Richard Hambleton, ‘Shadowman’
of the ’80s Art Scene, Dies at 65
His spectral silhouettes appeared mysteriously on buildings in Manhattan — “I painted the town black,” he said — but his work also drew notice abroad.
In the early 1980s, when graffiti seemed to be everywhere, hundreds of startling black-painted silhouettes appeared mysteriously on buildings on the Lower East Side and in other parts of Manhattan. The spectral, life-size, menacing figures lurked and skulked and leapt. Some of their heads, with paint splattered upward, seemed to be exploding.
Richard Hambleton, the Canadian-born conceptual artist who painted them all (sometimes after fleeing the police, paint bucket in hand), was known as “the Shadowman.”
“I painted the town black,” Mr.

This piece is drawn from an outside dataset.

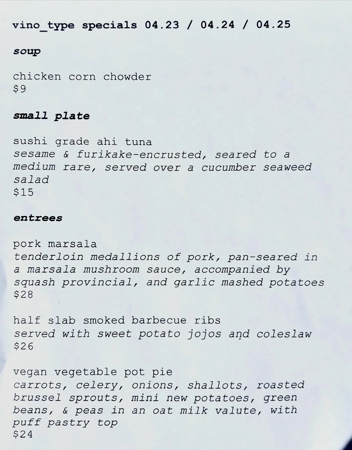 spring menu our specials change weekly come try them before they disappear Please call(440)729-7303for reservations

Hambleton told People magazine in 1984. “They could represent watchmen or danger or the shadows of a human body after a nuclear holocaust or even my own shadow.”
He became part of the downtown art scene with his contemporaries Keith Haring and Jean-Michel Basquiat at Club 57, a basement bar on St. Marks Place in the East Village that is the subject of a new exhibition at the Museum of Modern Art, complete with one of Mr. Hambleton’s “Shadowman” works.